Displaced Sudanese wait to receive humanitarian aid at the Abu al-Naga displacement camp in the Gedaref State, some 420km east of the capital Khartoum on February 6, 2026. (AFP)
Displaced Sudanese wait to receive humanitarian aid at the Abu al-Naga displacement camp in the Gedaref State, some 420km east of the capital Khartoum on February 6, 2026. (AFP)

A drone attack by a notorious paramilitary group hit a vehicle carrying displaced families in central Sudan Saturday, killing at least 24 people, including eight children, a doctors’ group said.

The attack by the Rapid Support Forces occurred close to the city of Rahad in North Kordofan province, said the Sudan Doctors Network, which tracks the country’s ongoing war.
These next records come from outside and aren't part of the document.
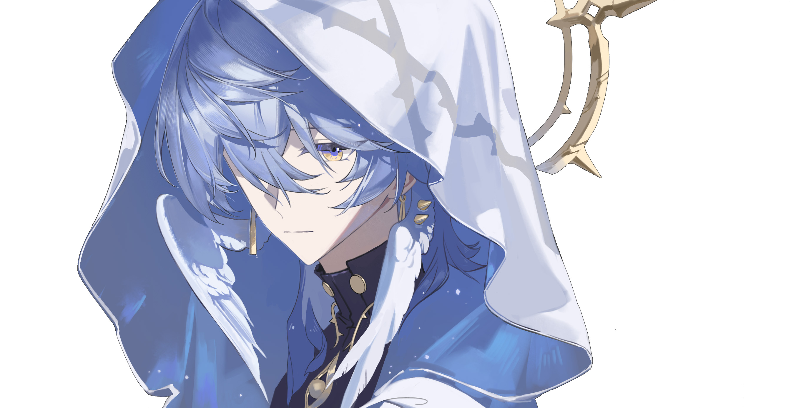1boyearringsexpressionlesshair over one eyehalohalo behind headhead wingshoodhood upjewelrylight particleslooking downmale focusone eye coveredportraitprint hoodshort hairsimple backgroundsoloturtleneckwhite backgroundwhite hairwingsyellow eyes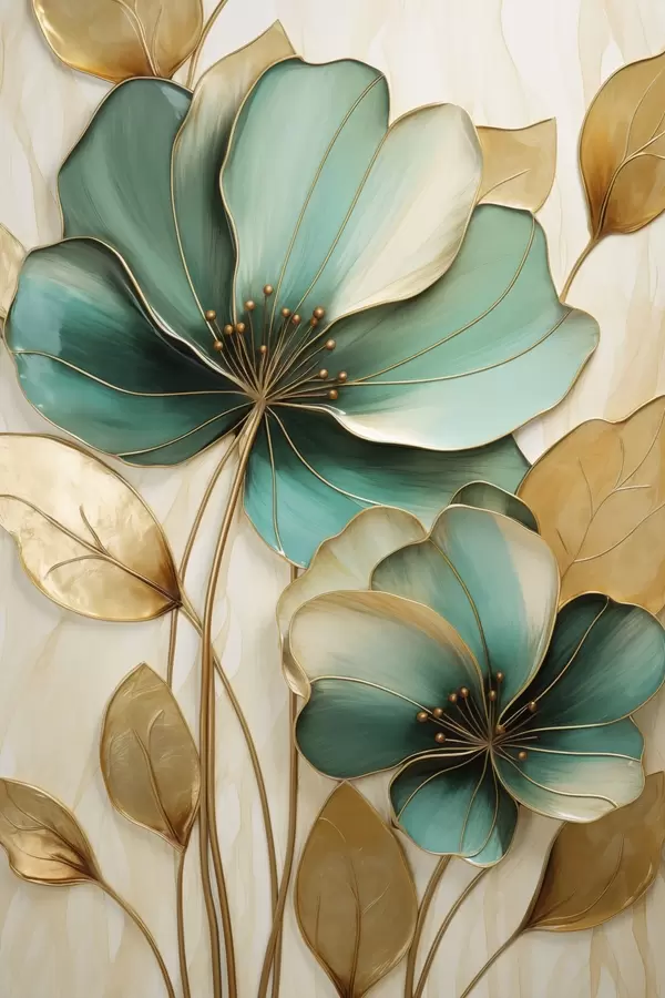 Poster Grote blauwgroene en gele bloemen met contouren, omgeven door gele bladeren tegen een abstracte achtergrond Nr f47418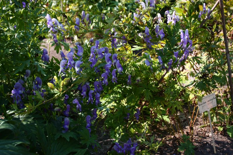 Morfoloģija. Stumbri stāvi. Lapas staraini dalītas, zaļas. Ziedi zili, balti ar zilu maliņu vai balti. Augšējā apziedņa lapa ir cepurveidīga, ziedkopas ir stumbru galotnē. Zied jūlijā – septembrī. Augļi – someņi ar daudzām sēklām.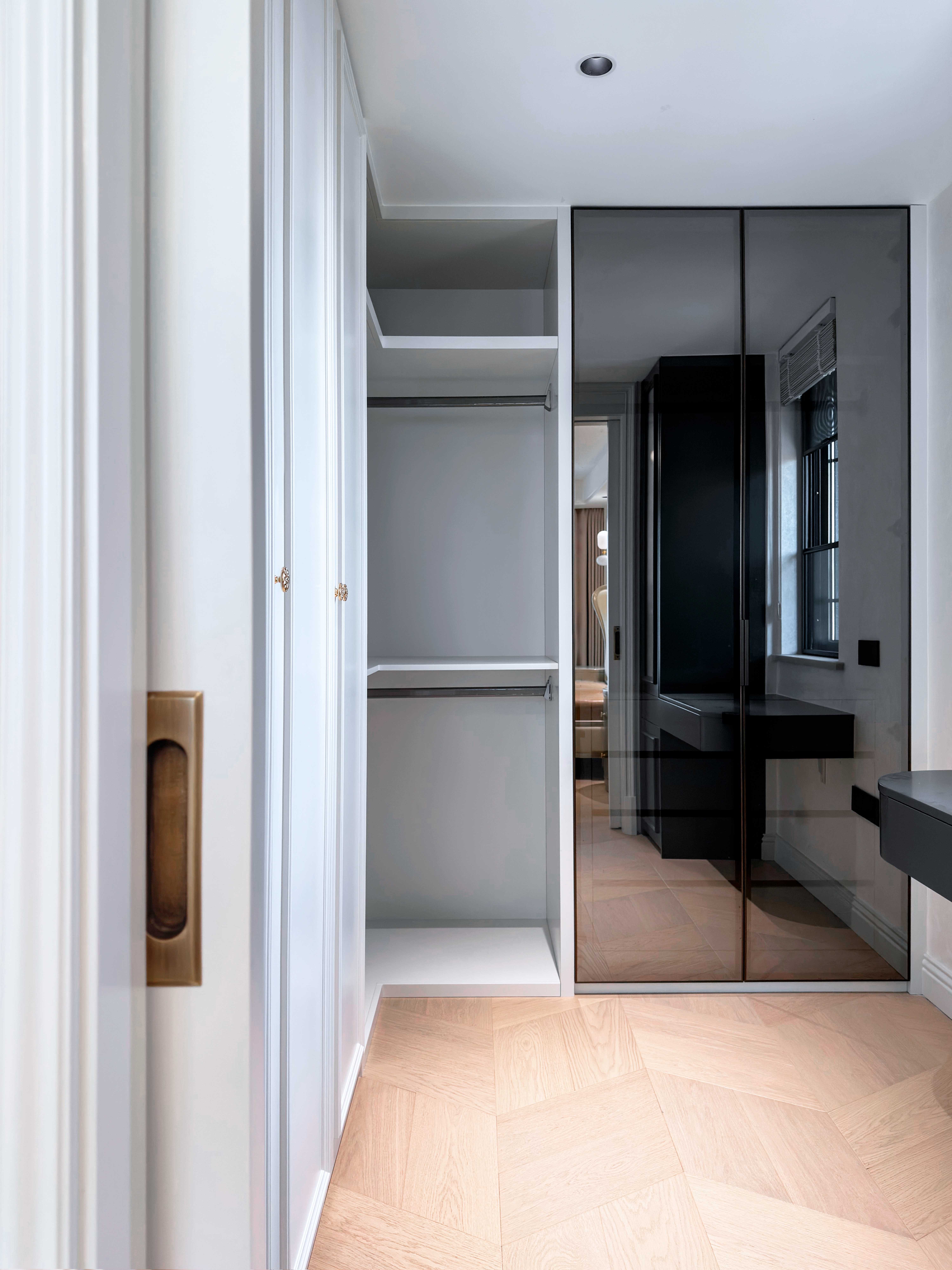 一侧步入式衣帽间采用白色开放格与局部黑色玻璃柜门组合,形成色彩与材质的巧妙碰撞,兼顾展示与收纳功能,于简约中勾勒出丰富的层次美感。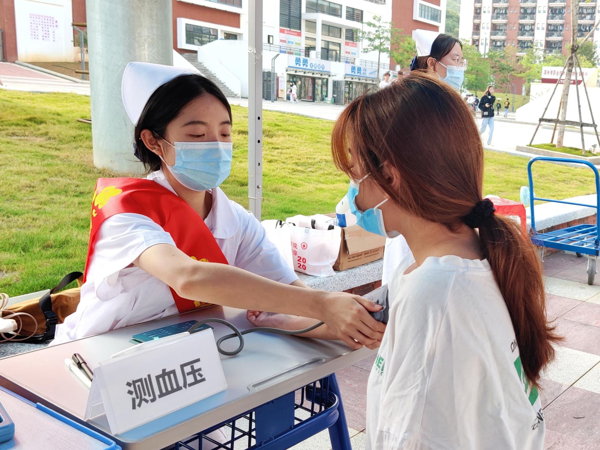 本次义诊活动主要是为同学们测血压、身高、体重、视力、握力等项目,并形成检测数据卡反馈给同学们,以便同学们对自己的身体健康状况有进一步跟踪。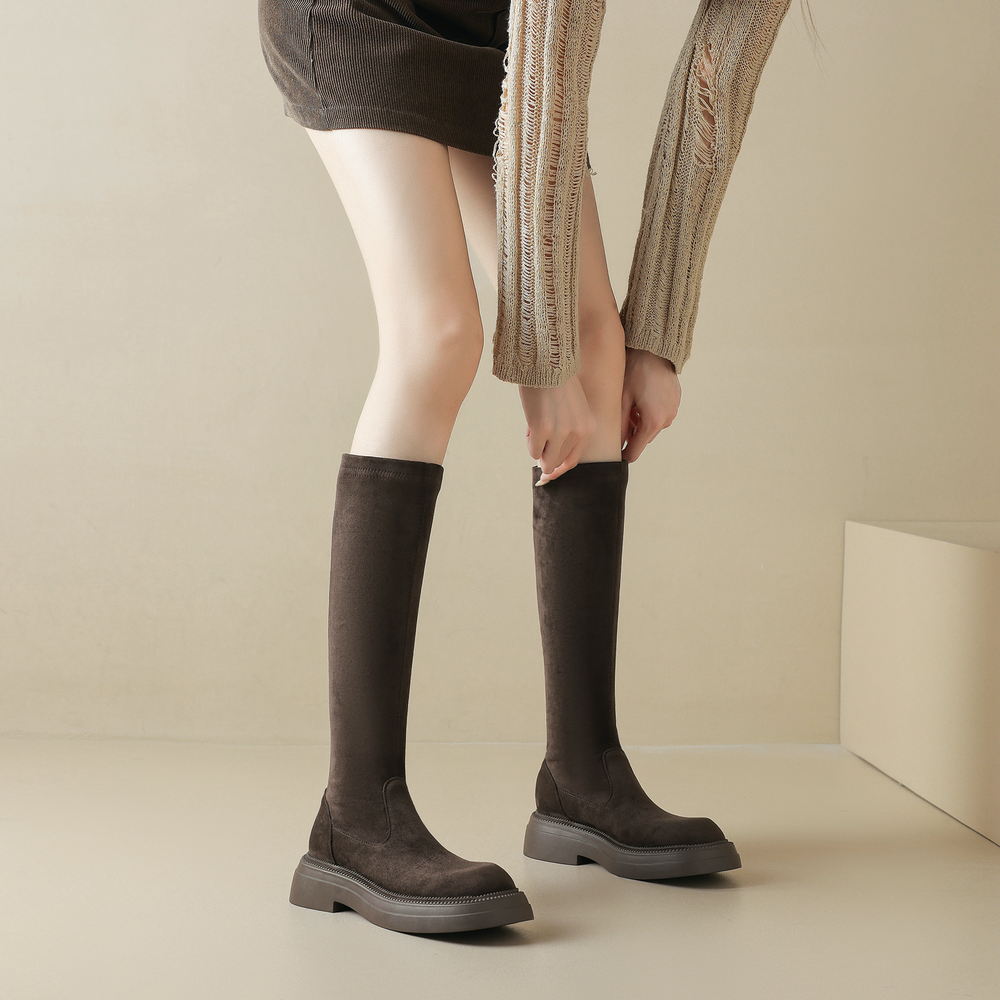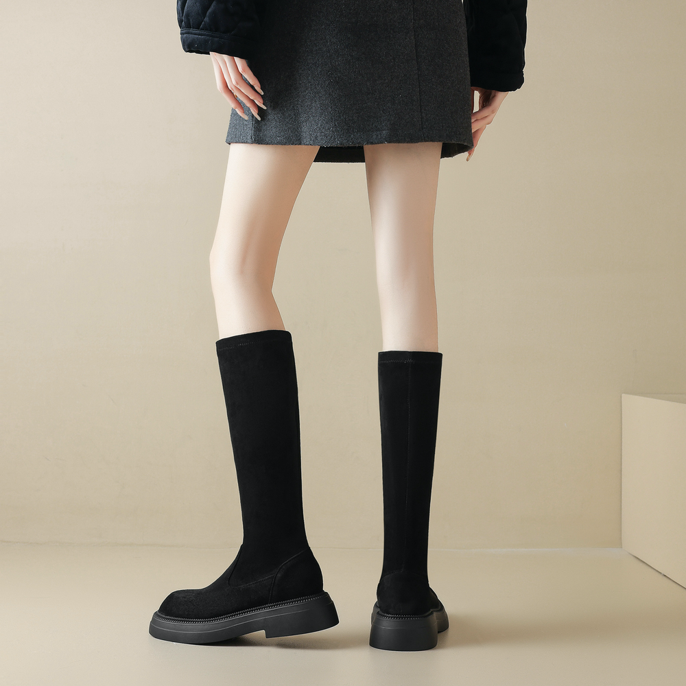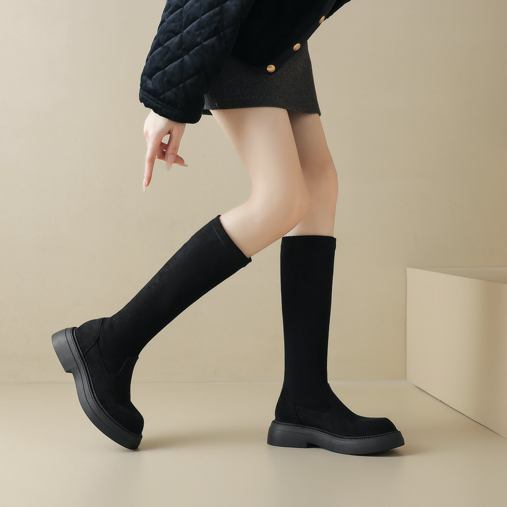 You can never go wrong with the modern-chic look of the Milagros Women's Knee High Stretch Fabric Boots by USS. suitable for both winter and autumn seasons. making it ideal for both jeans and skirts. Their stretch fabric shaft and slip-on closure provide a comfortable fit. while the rubber outsole and round toe shape ensure durability. Made-to-order for a more sustainable and less wasteful production process.

The vehicle transported displaced people who fled fighting in the Dubeiker area of North Kordofan, the doctors’ group said in a statement. Among the dead children were two infants, the group said.

The doctors’ group urged the international community and rights organizations to “take immediate action to protect civilians and hold the RSF leadership directly accountable for these violations.”

There was no immediate comment from the RSF, which has been at war against the Sudanese military for control of the country for about three years.

Sudan plunged into chaos in April 2023 when a power struggle between the military and the RSF exploded into open fighting in the capital, Khartoum, and elsewhere in the country.

The devastating war has killed more than 40,000 people, according to UN figures, but aid groups say that is an undercount and the true number could be many times higher.

It created the world’s largest humanitarian crisis with over 14 million people forced to flee their homes. It fueled disease outbreaks and pushed parts of the country into famine.